- [GOAL OF THE EXERCISE] Your job with the data below: print everything from the line that holds "Mobilní sběr velkoobjemového" down to the line that holds "kısa ve bol", ends included, exactly, and nothing else.

- [DATA FOR THE TASK]

════════

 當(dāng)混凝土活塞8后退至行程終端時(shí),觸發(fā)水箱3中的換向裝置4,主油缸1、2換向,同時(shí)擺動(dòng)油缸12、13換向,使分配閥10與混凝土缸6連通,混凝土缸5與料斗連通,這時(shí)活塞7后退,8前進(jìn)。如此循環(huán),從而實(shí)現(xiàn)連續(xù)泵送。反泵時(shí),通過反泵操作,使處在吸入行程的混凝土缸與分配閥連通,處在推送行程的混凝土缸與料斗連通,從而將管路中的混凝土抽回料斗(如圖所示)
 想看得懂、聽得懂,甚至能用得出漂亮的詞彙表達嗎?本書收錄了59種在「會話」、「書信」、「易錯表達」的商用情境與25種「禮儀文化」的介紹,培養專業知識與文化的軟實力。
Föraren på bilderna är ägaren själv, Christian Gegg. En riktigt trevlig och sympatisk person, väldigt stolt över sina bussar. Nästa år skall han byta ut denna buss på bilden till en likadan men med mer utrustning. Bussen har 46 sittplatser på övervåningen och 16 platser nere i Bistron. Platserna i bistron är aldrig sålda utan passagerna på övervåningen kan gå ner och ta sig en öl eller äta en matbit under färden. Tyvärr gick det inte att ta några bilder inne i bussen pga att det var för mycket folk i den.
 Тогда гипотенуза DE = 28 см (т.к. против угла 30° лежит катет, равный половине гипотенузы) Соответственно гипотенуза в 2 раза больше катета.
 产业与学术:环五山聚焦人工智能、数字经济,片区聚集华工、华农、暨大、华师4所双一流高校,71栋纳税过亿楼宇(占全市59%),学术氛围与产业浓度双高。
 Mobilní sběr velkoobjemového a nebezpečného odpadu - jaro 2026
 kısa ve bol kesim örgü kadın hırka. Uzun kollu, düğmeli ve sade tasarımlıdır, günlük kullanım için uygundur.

════════

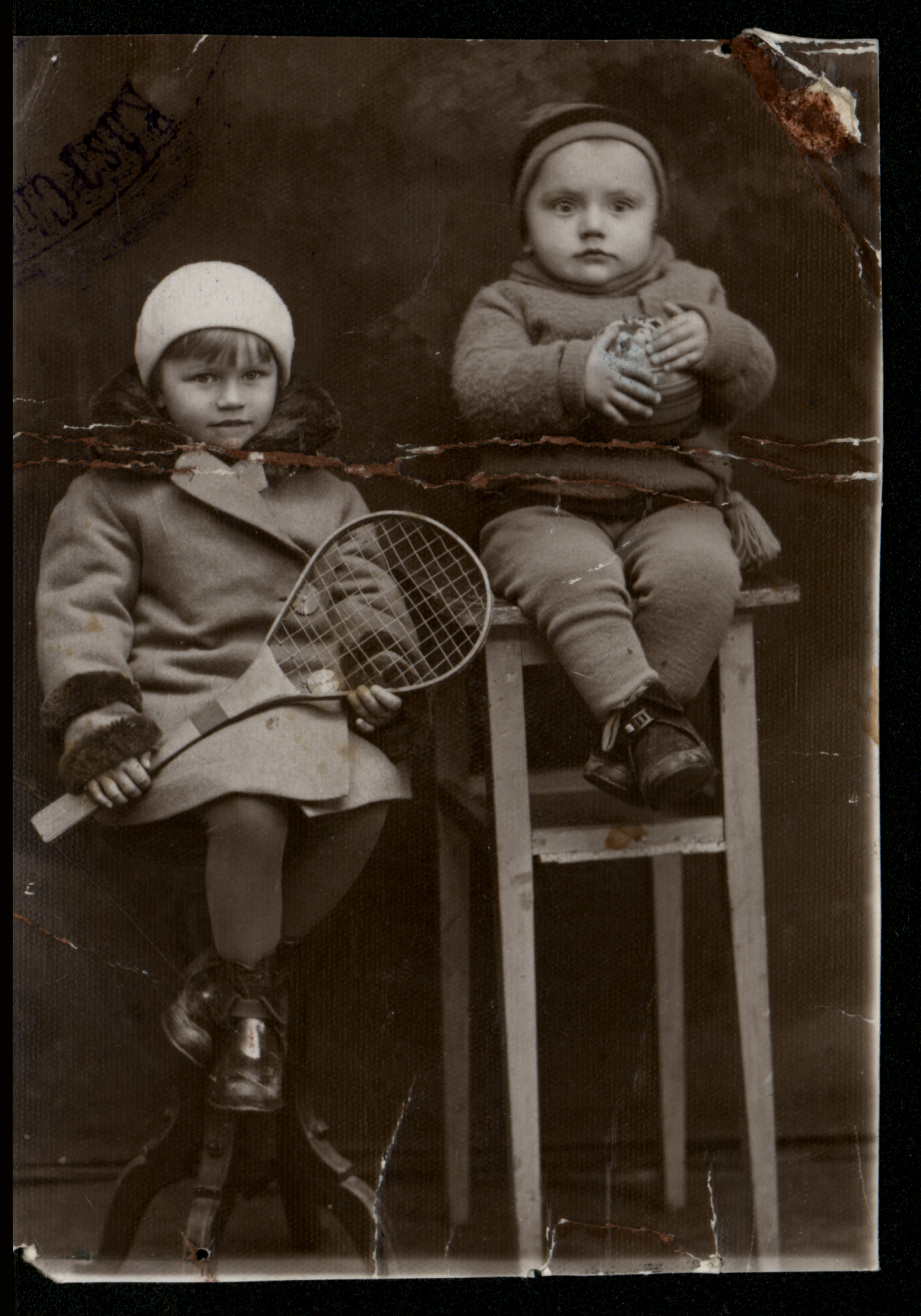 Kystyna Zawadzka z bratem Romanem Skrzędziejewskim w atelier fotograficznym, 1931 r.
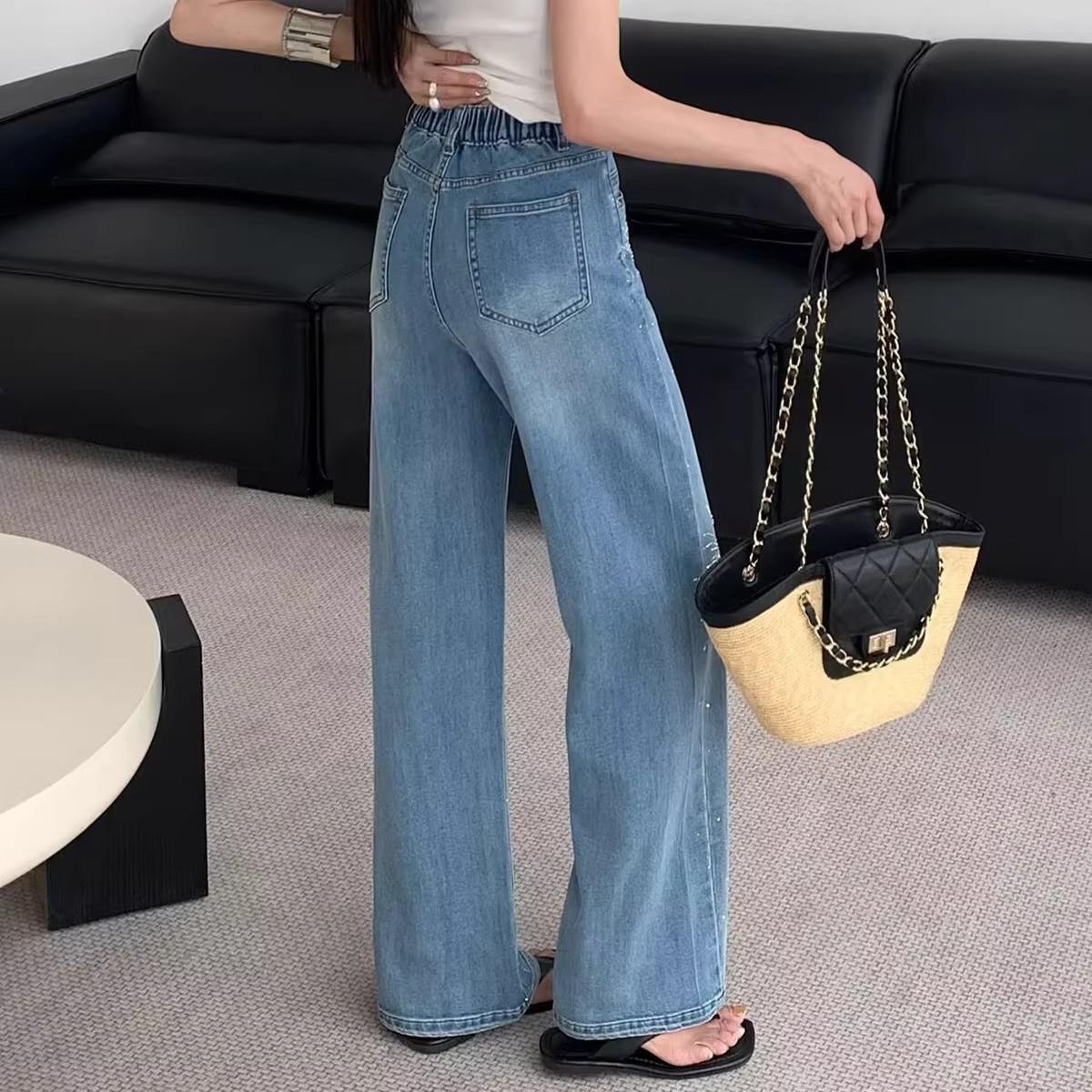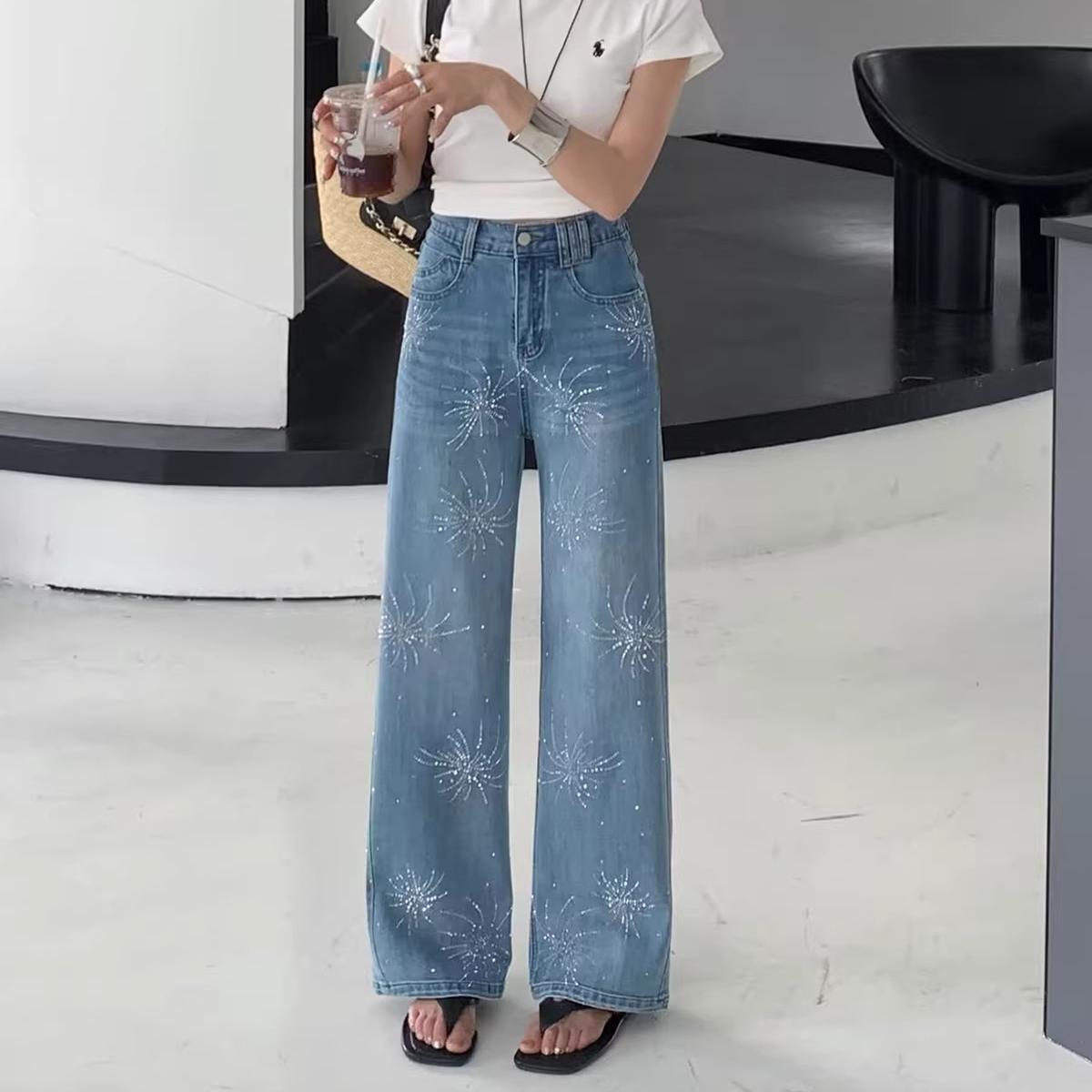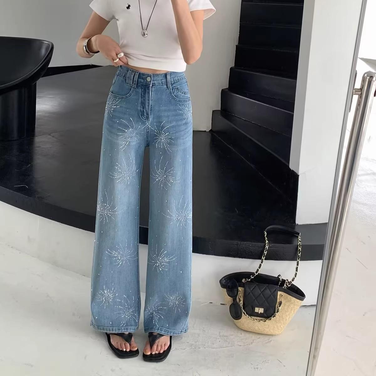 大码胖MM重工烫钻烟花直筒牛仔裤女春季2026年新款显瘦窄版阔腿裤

════════

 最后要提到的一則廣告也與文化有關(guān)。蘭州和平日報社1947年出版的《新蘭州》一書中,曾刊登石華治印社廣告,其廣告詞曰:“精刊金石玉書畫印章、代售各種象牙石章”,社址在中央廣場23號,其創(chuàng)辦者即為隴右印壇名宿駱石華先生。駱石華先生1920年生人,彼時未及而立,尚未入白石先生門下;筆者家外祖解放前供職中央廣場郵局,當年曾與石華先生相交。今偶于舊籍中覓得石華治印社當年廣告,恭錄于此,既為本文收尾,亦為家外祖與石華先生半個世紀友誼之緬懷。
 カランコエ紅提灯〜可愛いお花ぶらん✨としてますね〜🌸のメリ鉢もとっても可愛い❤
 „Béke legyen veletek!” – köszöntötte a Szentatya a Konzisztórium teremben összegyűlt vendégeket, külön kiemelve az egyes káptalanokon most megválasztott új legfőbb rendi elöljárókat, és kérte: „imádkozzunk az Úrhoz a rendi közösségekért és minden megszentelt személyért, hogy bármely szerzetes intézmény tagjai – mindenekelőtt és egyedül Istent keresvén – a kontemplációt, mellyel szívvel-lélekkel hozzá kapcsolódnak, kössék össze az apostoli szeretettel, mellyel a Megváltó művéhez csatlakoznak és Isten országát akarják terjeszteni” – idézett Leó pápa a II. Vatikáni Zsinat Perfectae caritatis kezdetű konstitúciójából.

════════

- [SOLVED EXERCISE]
 Mobilní sběr velkoobjemového a nebezpečného odpadu - jaro 2026
 kısa ve bol kesim örgü kadın hırka. Uzun kollu, düğmeli ve sade tasarımlıdır, günlük kullanım için uygundur.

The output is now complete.